Claro, com o tempo, tudo isso foi ficando mais fácil. E eu e meus amigos nos divertíamos muito, lá por 1993-1994, passando noites em claro do CPD para fazermos os nossos digitarmos os nossos trabalhos. Sim, nos divertíamos, porque não tínhamos computadores (que era algo caro nos anos 1990), mas porque nos ajudávamos, porque convivíamos e porque compartilhávamos um monte de esperanças, de expectativas: tínhamos que nos formar, tínhamos nossos projetos de mestrado, tínhamos nossos sonhos, tínhamos nossas apostas, tínhamos nossas confidências, nossas ambições e nossas angústias. Principalmente, tínhamos uns aos outros para nos ouvirmos, conversarmos, passarmos noites em claro.

Às vezes não haviam conversas, apenas barulhos de teclas sendo rapidamente pressionadas ao longo da noite, o que pode, muitas vezes, ser bastante solitário. Mas não nos sentíamos sozinhos, ao menos eu não me sentia – porque os amigos estavam ali. E isso era o suficiente. E tudo isso acontecia em frente às telas de computador, de fósforo verde ou com os primeiros ambientes gráficos Windows 3.1, que chegaram à universidade naquele ano de 1994.

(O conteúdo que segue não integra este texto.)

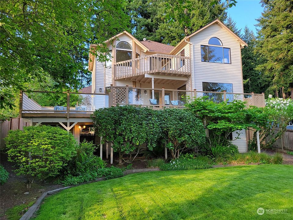 Waterfront living on beautiful Lake Stickney awaits you! Once you enter the woodland setting and arrive upon this lovingly maintained spacious home with 3 car garage, the property unfolds like an emerald carpet down to the lake for all your lakefront activities. Main floor includes study/den with vaulted ceilings, two-story living room, formal dining room, and open gourmet kitchen with family room, captivating views, decks & sunny south-facing exposure. Upper level includes huge primary suite w/bath, two bedrooms, 2nd full bath & vaulted ceilings. Lower level features entertainer’s rec room, additional bonus room, & tons of storage with workspace. Close to I-5, I-405 and Mukilteo ferry. Convenient to everything yet feels like a world away.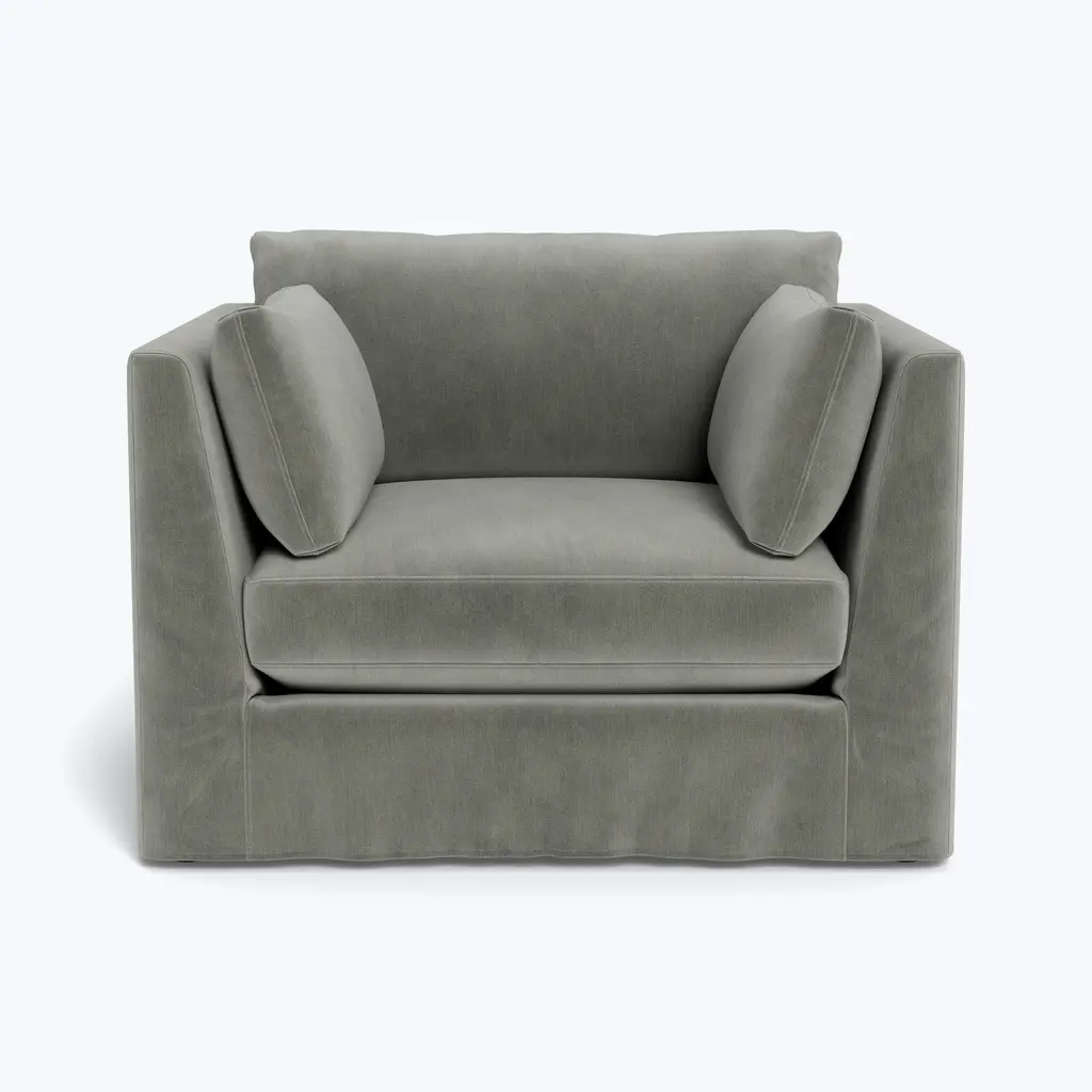 Discover the art of living in comfort with the Watermill Slipped Chair 1/2, an exclusive offering from abc carpet & home. This chair's oversized design offers unparalleled coziness, making it perfect for curling up with a book or lounging with loved ones. Featuring a modern, clean-lined silhouette, this chair seamlessly blends into any decor, whether modern or traditional. The Watermill Collection features blend-down cushions that combine the resilience of dense foam with the luxurious softness of feather down. These cushions are carefully washed to meet hypoallergenic standards, ensuring a comfortable and safe environment for you and your loved ones. The sustainably sourced Goodwood frame underscores our commitment to eco-conscious manufacturing practices, promising a chair that invites a lifetime of cherished memories at home. With dimensions of 47 inches in width, 38 inches in depth, and 33 inches in height, and a seat height of 17 inches and seat depth of 24 inches, this chair provides ample space for relaxation. Customize your Watermill Chair 1/2 with Cobble Hill's wide range of color and fabric combinations, offering more than 35 options to suit your unique style and preferences. Whether it's the Crypton Performance Blend or Kelley Performance Velvet, rest assured that each upholstery option is durable and easy to clean. From bold hues to subtle tones, our wide selection ensures that your chair reflects your unique taste and personality. Simply select your dream color and fabric scheme, and your custom chair will be shipped to your home in 8-10 weeks. Proudly made in the USA, this chair exemplifies quality craftsmanship and attention to detail. Care instructions are simple: spot clean with mild detergent, and for deeper cleaning, professional services are recommended. Regular vacuuming helps maintain its pristine appearance for years to come. Indulge in foam-wrapped seat cushions with a blend of fiber and feather/down for even fill distribution, and back cushions featuring a fiber and feather blend encased in a down-proof casing. The fill is Responsible Down Standard certified and meets USDA hypoallergenic regulations, guaranteeing peace of mind for allergy sufferers. Additionally, this chair is free from flame retardant chemicals, prioritizing safety and environmental sustainability. Upgrade your home and elevate your style with the Watermill Slipped Chair 1/2 from Cobble Hill.

Por que escrevo esta postagem em um dos editores de textos tipo “old school”, como o JOE? Por que uso um deles agora? Para me lembrar! Para sentir algo parecido com o que era compor textos naquela época, para me sentir como há vinte anos, para saber se minhas mãos ainda se lembram do que era digitar um naquelas condições durante horas seguidas, se meus olhos ainda se cansam diante do verde da tela. Escolhi este editor não porque seja o meu preferido, mas porque eu tive que aprender seus comandos básicos enquanto eu digitava, enquanto eu tentava me concentrar. Fiz isso para me lembrar. Editores de texto são ferramentas, sim. Mas também são instrumentos de criação.

E, sim, meu corpo se lembra. Minhas mãos e meus olhos se lembram. Eu ainda me lembro de tudo o que eu sentia, e de como tudo compensava. Posso não me lembrar de tudo o que aconteceu, mas me lembro de como todo aquele trabalho valeu a pena, pelo aprendizado. E pela convivência.